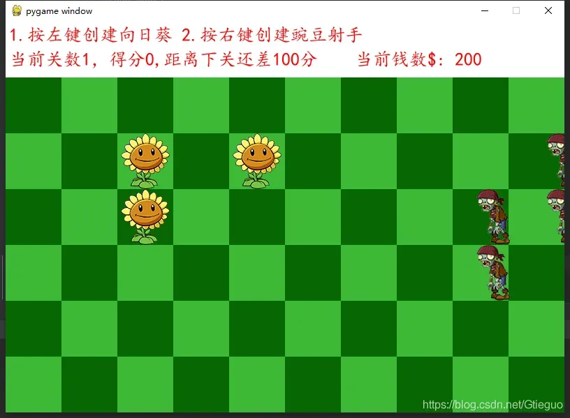 class MainGame(): # 2 创建关数,得分,剩余分数,钱数 shaoguan = 1 score = 0 remnant_score = 100 money = 200 # 3 存储所有地图坐标点 map_points_list = [] # 3 存储所有的地图块 map_list = [] # 4 存储所有植物的列表 plants_list = [] # 7 存储所有豌豆子弹的列表 peabullet_list = [] # 9 新增存储所有僵尸的列表 zombie_list = [] count_zombie = 0 produce_zombie = 100 # 1 加载游戏窗口 def init_window(self): # 1 调用显示模块的初始化 pygame.display.init() # 1 创建窗口 MainGame.window = pygame.display.set_mode([scrrr_width, scrrr_height]) # 2 文本绘制 def draw_text(self, content, size, color): pygame.font.init() font = pygame.font.SysFont('kaiti', size) text = font.render(content, True, color) return text # 2 加载帮助提示 def load_help_text(self): text1 = self.draw_text('1.按左键创建向日葵 2.按右键创建豌豆射手', 26, (255, 0, 0)) MainGame.window.blit(text1, (5, 5)) # 3 初始化坐标点 def init_plant_points(self): for y in range(1, 7): points = [] for x in range(10): point = (x, y) points.append(point) MainGame.map_points_list.append(points) print("MainGame.map_points_list", MainGame.map_points_list) # 3 初始化地图 def init_map(self): for points in MainGame.map_points_list: temp_map_list = list() for point in points: # map = None if (point[0] + point[1]) % 2 == 0: map = Map(point[0] * 80, point[1] * 80, 0) else: map = Map(point[0] * 80, point[1] * 80, 1) # 将地图块加入到窗口中 temp_map_list.append(map) print("temp_map_list", temp_map_list) MainGame.map_list.append(temp_map_list) print("MainGame.map_list", MainGame.map_list) # 3 将地图加载到窗口中 def load_map(self): for temp_map_list in MainGame.map_list: for map in temp_map_list: map.load_map() # 6 增加豌豆射手发射处理 def load_plants(self): for plant in MainGame.plants_list: # 6 优化加载植物的处理逻辑 if plant.live: if isinstance(plant, Sunflower): plant.display_sunflower() plant.produce_money() elif isinstance(plant, PeaShooter): plant.display_peashooter() plant.shot() else: MainGame.plants_list.remove(plant) # 7 加载所有子弹的方法 def load_peabullets(self): for b in MainGame.peabullet_list: if b.live: b.display_peabullet() b.move_bullet() # v1.9 调用子弹是否打中僵尸的方法 b.hit_zombie() else: MainGame.peabullet_list.remove(b) # 8事件处理 def deal_events(self): # 8 获取所有事件 eventList = pygame.event.get() # 8 遍历事件列表,判断 for e in eventList: if e.type == pygame.QUIT: self.gameOver() elif e.type == pygame.MOUSEBUTTONDOWN: # print('按下鼠标按键') print(e.pos) # print(e.button)#左键1 按下滚轮2 上转滚轮为4 下转滚轮为5 右键 3 x = e.pos[0] // 80 y = e.pos[1] // 80 print(x, y) map = MainGame.map_list[y - 1][x] print(map.position) # 8 增加创建时候的地图装填判断以及金钱判断 if e.button == 1: if map.can_grow and MainGame.money >= 50: sunflower = Sunflower(map.position[0], map.position[1]) MainGame.plants_list.append(sunflower) print('当前植物列表长度:{}'.format(len(MainGame.plants_list))) map.can_grow = False MainGame.money -= 50 elif e.button == 3: if map.can_grow and MainGame.money >= 50: peashooter = PeaShooter( map.position[0], map.position[1]) MainGame.plants_list.append(peashooter) print('当前植物列表长度:{}'.format(len(MainGame.plants_list))) map.can_grow = False MainGame.money -= 50 # 9 新增初始化僵尸的方法 def init_zombies(self): for i in range(1, 7): dis = random.randint(1, 5) * 200 zombie = Zombie(800 + dis, i * 80) MainGame.zombie_list.append(zombie) # 9将所有僵尸加载到地图中 def load_zombies(self): for zombie in MainGame.zombie_list: if zombie.live: zombie.display_zombie() zombie.move_zombie() # v2.0 调用是否碰撞到植物的方法 zombie.hit_plant() else: MainGame.zombie_list.remove(zombie) # 1 开始游戏 def start_game(self): # 1 初始化窗口 self.init_window() # 3 初始化坐标和地图 self.init_plant_points() self.init_map() # 9 调用初始化僵尸的方法 self.init_zombies() # 1 只要游戏没结束,就一直循环 while not GAMEOVER: # 1 渲染白色背景 MainGame.window.fill((255, 255, 255)) # 2 渲染的文字和坐标位置 MainGame.window.blit( self.draw_text( '当前钱数$: {}'.format( MainGame.money), 26, (255, 0, 0)), (500, 40)) MainGame.window.blit( self.draw_text( '当前关数{},得分{},距离下关还差{}分'.format( MainGame.shaoguan, MainGame.score, MainGame.remnant_score), 26, (255, 0, 0)), (5, 40)) self.load_help_text() # 3 需要反复加载地图 self.load_map() # 6 调用加载植物的方法 self.load_plants() # 7 调用加载所有子弹的方法 self.load_peabullets() # 8 调用事件处理的方法 self.deal_events() # 9 调用展示僵尸的方法 self.load_zombies() # 9 计数器增长,每数到100,调用初始化僵尸的方法 MainGame.count_zombie += 1 if MainGame.count_zombie == MainGame.produce_zombie: self.init_zombies() MainGame.count_zombie = 0 pygame.time.wait(10) pygame.display.update() def gameOver(self): MainGame.window.blit( self.draw_text( '游戏结束', 50, (255, 0, 0)), (300, 200)) print('游戏结束') pygame.time.wait(400) global GAMEOVER GAMEOVER = Trueif __name__ == '__main__': game = MainGame() game.start_game()
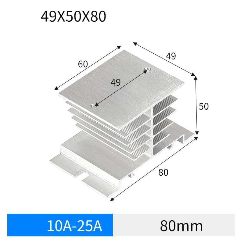 Aluminijumski hladnjak za SSR (solid state relej) predstavlja neophodnu komponentu za stabilan rad i dug vek SSR releja u opsegu od 10A do 25A. Dimenzije 49 x 50 x 80 mm omogućavaju odličnu disipaciju toplote, posebno kod većih opterećenja i rada pri povišenim temperaturama.
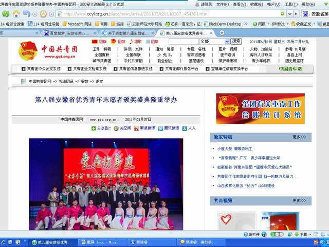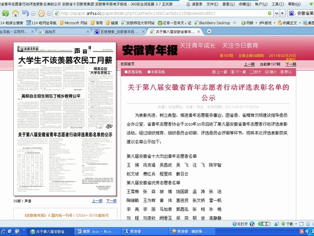 近日,团省委、省文明办、省青年志愿者协会对全省志愿服务先进个人和单位进行了表彰,永利蔡凌睿同学被授予“安徽省第八届优秀青年志愿者”荣誉称号。

[Exercise prompt]:
What you output must match the data exactly, apart from the pictures, which are left out.

[Written answer]:
 class MainGame(): # 2 创建关数,得分,剩余分数,钱数 shaoguan = 1 score = 0 remnant_score = 100 money = 200 # 3 存储所有地图坐标点 map_points_list = [] # 3 存储所有的地图块 map_list = [] # 4 存储所有植物的列表 plants_list = [] # 7 存储所有豌豆子弹的列表 peabullet_list = [] # 9 新增存储所有僵尸的列表 zombie_list = [] count_zombie = 0 produce_zombie = 100 # 1 加载游戏窗口 def init_window(self): # 1 调用显示模块的初始化 pygame.display.init() # 1 创建窗口 MainGame.window = pygame.display.set_mode([scrrr_width, scrrr_height]) # 2 文本绘制 def draw_text(self, content, size, color): pygame.font.init() font = pygame.font.SysFont('kaiti', size) text = font.render(content, True, color) return text # 2 加载帮助提示 def load_help_text(self): text1 = self.draw_text('1.按左键创建向日葵 2.按右键创建豌豆射手', 26, (255, 0, 0)) MainGame.window.blit(text1, (5, 5)) # 3 初始化坐标点 def init_plant_points(self): for y in range(1, 7): points = [] for x in range(10): point = (x, y) points.append(point) MainGame.map_points_list.append(points) print("MainGame.map_points_list", MainGame.map_points_list) # 3 初始化地图 def init_map(self): for points in MainGame.map_points_list: temp_map_list = list() for point in points: # map = None if (point[0] + point[1]) % 2 == 0: map = Map(point[0] * 80, point[1] * 80, 0) else: map = Map(point[0] * 80, point[1] * 80, 1) # 将地图块加入到窗口中 temp_map_list.append(map) print("temp_map_list", temp_map_list) MainGame.map_list.append(temp_map_list) print("MainGame.map_list", MainGame.map_list) # 3 将地图加载到窗口中 def load_map(self): for temp_map_list in MainGame.map_list: for map in temp_map_list: map.load_map() # 6 增加豌豆射手发射处理 def load_plants(self): for plant in MainGame.plants_list: # 6 优化加载植物的处理逻辑 if plant.live: if isinstance(plant, Sunflower): plant.display_sunflower() plant.produce_money() elif isinstance(plant, PeaShooter): plant.display_peashooter() plant.shot() else: MainGame.plants_list.remove(plant) # 7 加载所有子弹的方法 def load_peabullets(self): for b in MainGame.peabullet_list: if b.live: b.display_peabullet() b.move_bullet() # v1.9 调用子弹是否打中僵尸的方法 b.hit_zombie() else: MainGame.peabullet_list.remove(b) # 8事件处理 def deal_events(self): # 8 获取所有事件 eventList = pygame.event.get() # 8 遍历事件列表,判断 for e in eventList: if e.type == pygame.QUIT: self.gameOver() elif e.type == pygame.MOUSEBUTTONDOWN: # print('按下鼠标按键') print(e.pos) # print(e.button)#左键1 按下滚轮2 上转滚轮为4 下转滚轮为5 右键 3 x = e.pos[0] // 80 y = e.pos[1] // 80 print(x, y) map = MainGame.map_list[y - 1][x] print(map.position) # 8 增加创建时候的地图装填判断以及金钱判断 if e.button == 1: if map.can_grow and MainGame.money >= 50: sunflower = Sunflower(map.position[0], map.position[1]) MainGame.plants_list.append(sunflower) print('当前植物列表长度:{}'.format(len(MainGame.plants_list))) map.can_grow = False MainGame.money -= 50 elif e.button == 3: if map.can_grow and MainGame.money >= 50: peashooter = PeaShooter( map.position[0], map.position[1]) MainGame.plants_list.append(peashooter) print('当前植物列表长度:{}'.format(len(MainGame.plants_list))) map.can_grow = False MainGame.money -= 50 # 9 新增初始化僵尸的方法 def init_zombies(self): for i in range(1, 7): dis = random.randint(1, 5) * 200 zombie = Zombie(800 + dis, i * 80) MainGame.zombie_list.append(zombie) # 9将所有僵尸加载到地图中 def load_zombies(self): for zombie in MainGame.zombie_list: if zombie.live: zombie.display_zombie() zombie.move_zombie() # v2.0 调用是否碰撞到植物的方法 zombie.hit_plant() else: MainGame.zombie_list.remove(zombie) # 1 开始游戏 def start_game(self): # 1 初始化窗口 self.init_window() # 3 初始化坐标和地图 self.init_plant_points() self.init_map() # 9 调用初始化僵尸的方法 self.init_zombies() # 1 只要游戏没结束,就一直循环 while not GAMEOVER: # 1 渲染白色背景 MainGame.window.fill((255, 255, 255)) # 2 渲染的文字和坐标位置 MainGame.window.blit( self.draw_text( '当前钱数$: {}'.format( MainGame.money), 26, (255, 0, 0)), (500, 40)) MainGame.window.blit( self.draw_text( '当前关数{},得分{},距离下关还差{}分'.format( MainGame.shaoguan, MainGame.score, MainGame.remnant_score), 26, (255, 0, 0)), (5, 40)) self.load_help_text() # 3 需要反复加载地图 self.load_map() # 6 调用加载植物的方法 self.load_plants() # 7 调用加载所有子弹的方法 self.load_peabullets() # 8 调用事件处理的方法 self.deal_events() # 9 调用展示僵尸的方法 self.load_zombies() # 9 计数器增长,每数到100,调用初始化僵尸的方法 MainGame.count_zombie += 1 if MainGame.count_zombie == MainGame.produce_zombie: self.init_zombies() MainGame.count_zombie = 0 pygame.time.wait(10) pygame.display.update() def gameOver(self): MainGame.window.blit( self.draw_text( '游戏结束', 50, (255, 0, 0)), (300, 200)) print('游戏结束') pygame.time.wait(400) global GAMEOVER GAMEOVER = Trueif __name__ == '__main__': game = MainGame() game.start_game()
 Aluminijumski hladnjak za SSR (solid state relej) predstavlja neophodnu komponentu za stabilan rad i dug vek SSR releja u opsegu od 10A do 25A. Dimenzije 49 x 50 x 80 mm omogućavaju odličnu disipaciju toplote, posebno kod većih opterećenja i rada pri povišenim temperaturama.
 近日,团省委、省文明办、省青年志愿者协会对全省志愿服务先进个人和单位进行了表彰,永利蔡凌睿同学被授予“安徽省第八届优秀青年志愿者”荣誉称号。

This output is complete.